── Data for analysis ──
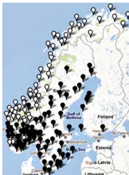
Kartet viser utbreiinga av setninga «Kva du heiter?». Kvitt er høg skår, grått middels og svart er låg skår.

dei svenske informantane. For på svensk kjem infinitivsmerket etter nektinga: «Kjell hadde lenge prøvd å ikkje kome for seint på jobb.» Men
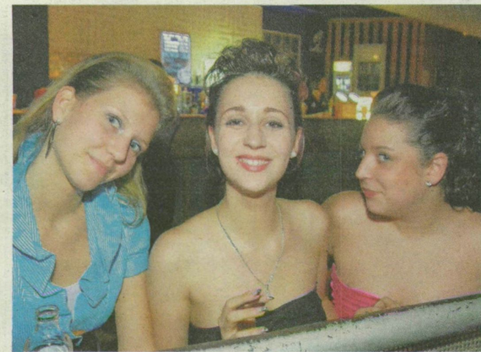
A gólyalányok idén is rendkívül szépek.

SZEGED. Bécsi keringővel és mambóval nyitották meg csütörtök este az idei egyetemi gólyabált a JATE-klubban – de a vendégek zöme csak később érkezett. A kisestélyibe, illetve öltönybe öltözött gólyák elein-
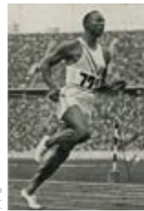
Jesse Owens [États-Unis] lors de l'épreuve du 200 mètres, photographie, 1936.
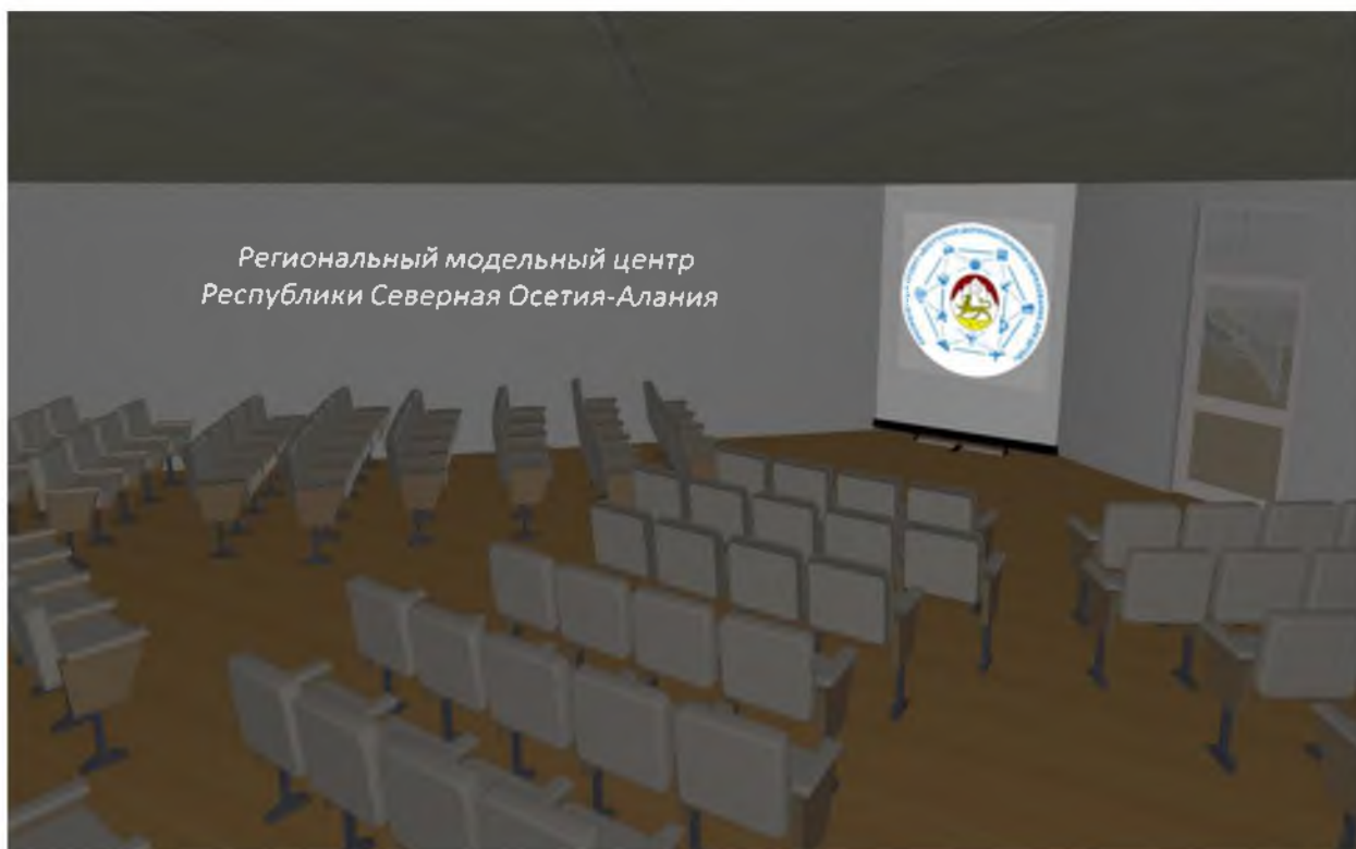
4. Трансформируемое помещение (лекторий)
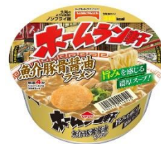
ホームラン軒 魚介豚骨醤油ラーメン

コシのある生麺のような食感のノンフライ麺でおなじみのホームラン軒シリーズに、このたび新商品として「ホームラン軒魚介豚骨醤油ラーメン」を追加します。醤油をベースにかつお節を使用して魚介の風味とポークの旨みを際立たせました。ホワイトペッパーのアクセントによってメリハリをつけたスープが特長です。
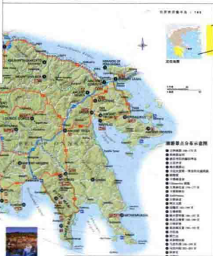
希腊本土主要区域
───
The task: Could you reproduce the data above exactly, without its pictures?

Answer for this exercise:
Kartet viser utbreiinga av setninga «Kva du heiter?». Kvitt er høg skår, grått middels og svart er låg skår.

dei svenske informantane. For på svensk kjem infinitivsmerket etter nektinga: «Kjell hadde lenge prøvd å ikkje kome for seint på jobb.» Men
A gólyalányok idén is rendkívül szépek.

SZEGED. Bécsi keringővel és mambóval nyitották meg csütörtök este az idei egyetemi gólyabált a JATE-klubban – de a vendégek zöme csak később érkezett. A kisestélyibe, illetve öltönybe öltözött gólyák elein-
Jesse Owens [États-Unis] lors de l'épreuve du 200 mètres, photographie, 1936.
4. Трансформируемое помещение (лекторий)
ホームラン軒 魚介豚骨醤油ラーメン

コシのある生麺のような食感のノンフライ麺でおなじみのホームラン軒シリーズに、このたび新商品として「ホームラン軒魚介豚骨醤油ラーメン」を追加します。醤油をベースにかつお節を使用して魚介の風味とポークの旨みを際立たせました。ホワイトペッパーのアクセントによってメリハリをつけたスープが特長です。
希腊本土主要区域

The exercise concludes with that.